I've tried out DeepSeek on deepseek.com and it refuses conversations about several topics censored in China (Tiananmen, Xi Jinping as Winnieh-the-Pooh).
Has anyone tried if this also happens when self-hosting the weights?
I haven't tried that base model yet but I have tried with the coder model before and experienced similar things. A lot of refusals to write code if the model thought that it was unethical or could be used unethically. Like asking it to write code to download images from an image gallery website would work or not depending on what site it thought it was going to retrieve from.
When I try out the topics you suggest at the huggingface endpoint you link, the answer is either my question translated into Chinese, or no answer when I prompt the model in Chinese:
Interesting - I can't speak to the Huggingface endpoint. I downloaded the 4-bit GGUF model locally and ran it through Oobabooga with instruct-chat template - I expressed my questions in English.
Chinese IP are not allowed to use ChatGPT.
Chinese credit card is not allowed for OpenAI API.
Source: my own experience.
What puzzles me most is the second restriction. My credit card is accepted by AWS, Google, and many other services. It is also accepted by many services which use Stripe to process payments.
Perhaps they are unwilling to operate in a territory where they would be required to disclose every user's chat history to the government, which has potentially severe implications for certain groups of users and also for OpenAI's competitive interests.
> Chinese credit card is not allowed for OpenAI API.
A lot of online services don't accept Chinese credit cards, hosting providers for instance, so I don't think that is specific to OpenAI. The reason usually given for this is excessive chargebacks of (in the case of hosting) TOS violations like sending junk mail (followed by a charge-back when this is blocked). It sounds a like collective punishment a little: while I don't doubt that there are a lot of problem users coming from China, with such a large population that doesn't indicate that any majority of users from the region are a problem.

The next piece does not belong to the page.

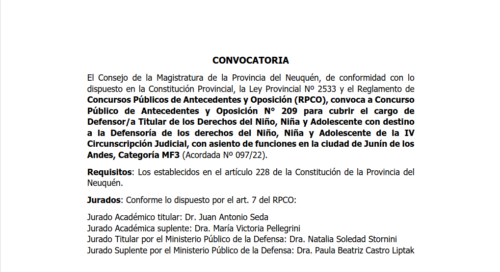 CONVOCATORIA PARA CUBRIR EL CARGO DE DEFENSOR/A TITULAR DE LOS DERECHOS DEL NIÑO, NIÑA Y ADOLESCENTE CON DESTINO A LA DEFENSORÍA DE LOS DERECHOS DEL NIÑO, NIÑA Y ADOLESCENTE DE LA IV CIRCUNSCRIPCIÓN JUDICIAL, CON ASIENTO DE FUNCIONES EN LA CIUDAD DE JUNÍN DE LOS ANDES.
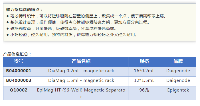 在分子實驗過程中,磁珠法核酸純化、磁珠法免疫沉淀實驗如:IP,Co-IP,ChIP等,都需要一個高效金屬磁力架,它不僅可以實現核酸和蛋白質的高效磁珠分離,還可以簡化實驗操作提高實驗效率。隨著磁珠在核酸或蛋白分離方面的應用普及,磁力架成為了實驗室的必備小工具。

I can see the commercial PoV though: if the majority of charge-back issues and related problems come from a particular region and you get very few genuine costumers from there¹ then blocking the area is a net gain despite potentially losing customers.
----
[1] due to preferring local variants (for reasons of just wanting to support local, due to local resources having lower latency, due to your service being blocked by something like the GFW, local services being in their language, any/all the above and more)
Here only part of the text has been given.